Activation of the NMDA receptor underlies two key processes, 

  • wind-up and 
  • long term potentiation (LTP).

 Fourth step: Wind-up 

Wind-up: This is an increase in neuronal responses to a given constant stimulus – also known as temporal summation. If the input continues, the responses remain elevated. Wind-up is induced by C and A-delta fibre inputs but once produced, enhances all responses, including those to low threshold inputs.

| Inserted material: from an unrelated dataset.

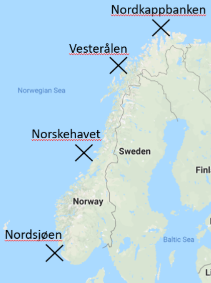 Dette er 4 havområder med ulike egenskaper. Nordkappbanken og Vesterålen ble valgt fordi dette er lokasjonene for de to viktigste forsøkene som ligger til grunn for seismikkrådgivningen. Områdene lenger sør i Norskehavet og Nordsjøen ble valgt fordi de representerer havområder med mye seismikk-aktivitet og fordi de har annen bunn og dybde som kan demonstrere eventuell forskjell i lydpropagasjon.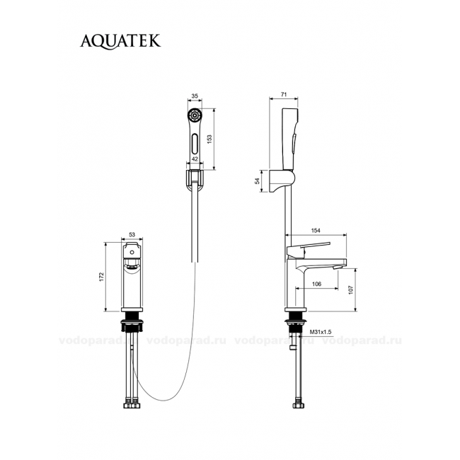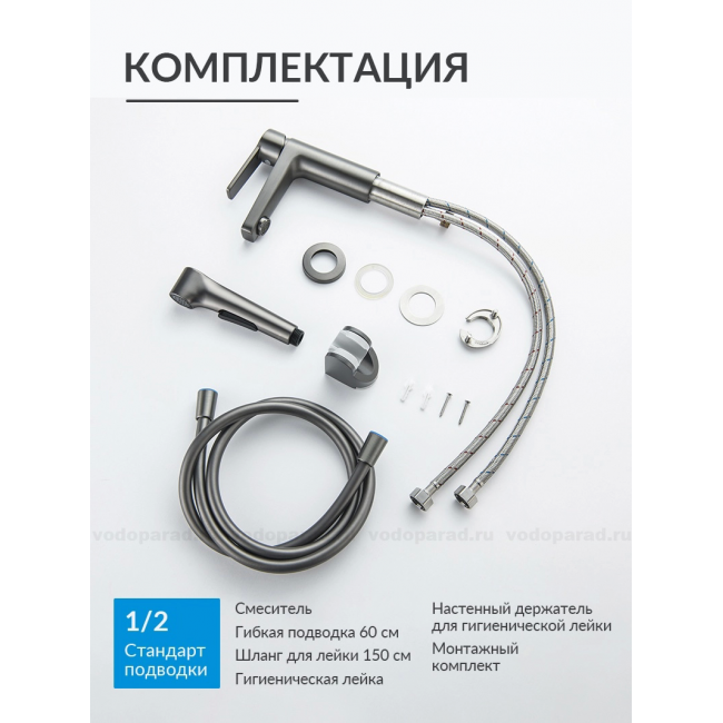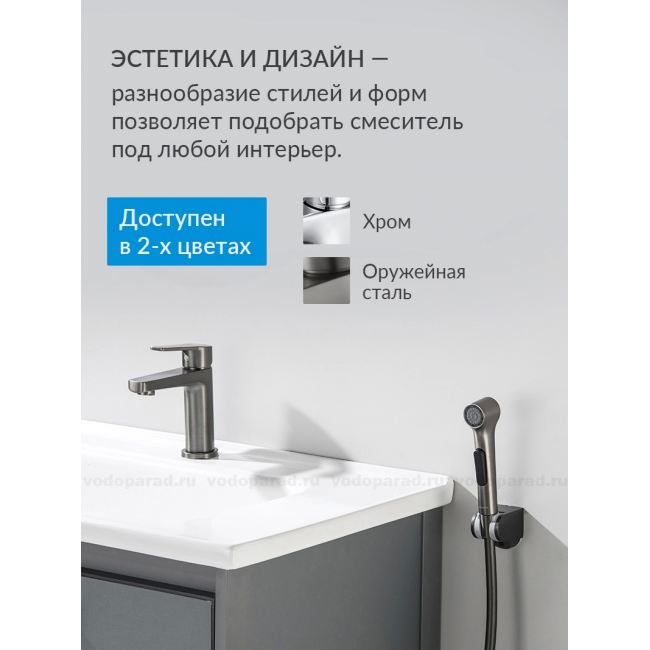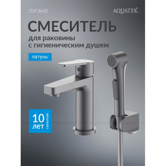 AQ1712BGM ЛУГАНО смеситель для раковины 106 с гигиеническим ручным душем, оружейная сталь купить с доставкой. 100% Оригинал. Гарантия!

Once the peripheral input declines, there is a slow return in neuronal responses back to baseline. Here, blocking peripheral drives should attenuate central sensitization.

Next: wind-up into LRP 

Professor Dickenson followed with: LTP is a longer lasting version of wind-up where a high frequency C-fibre input now produces hours of excitability. An event that persists even though the input is terminated. Genes that are implicated in memory processes add to the neuronal changes. And many intracellular processes are altered.

Spinal neurons that become hyper excitable show reduced thresholds, increased receptive field sizes and ongoing stimulus independent activity, As well as greater evoked responses. This activity is a likely basis for the allodynias, hyperalgesia and spontaneous pains seen in patients since many of these spinal neurons project to higher centers of the brain.

Ketamine blocks the NMDA receptor complex and use of NMDA antagonists has been a useful tool for demonstration of NMDA receptor mediated hypersensitivity in patients with post-operative, tissue damage, neuropathic and recently, CRPS pains.

Understanding downstream events beyond the surface receptor or designing drugs that act on sub-types of NMDA receptor may improve the clinical acceptability of drugs that block this sensitization.

Source

Oral presentation: C4. Complex Regional Pain Syndrome: From Human Model to the Clinic Abstract: 73 European Journal of Pain Supplements, Volume 4, Issue 1, May 2010, Page 22
CENTRAL SENSITIZATION by A. Dickenson, Neuroscience, University College London, London, UK

Prof. dr. J.M. Keppel Hesselink
‘Central sensitization: according to professor Dickenson’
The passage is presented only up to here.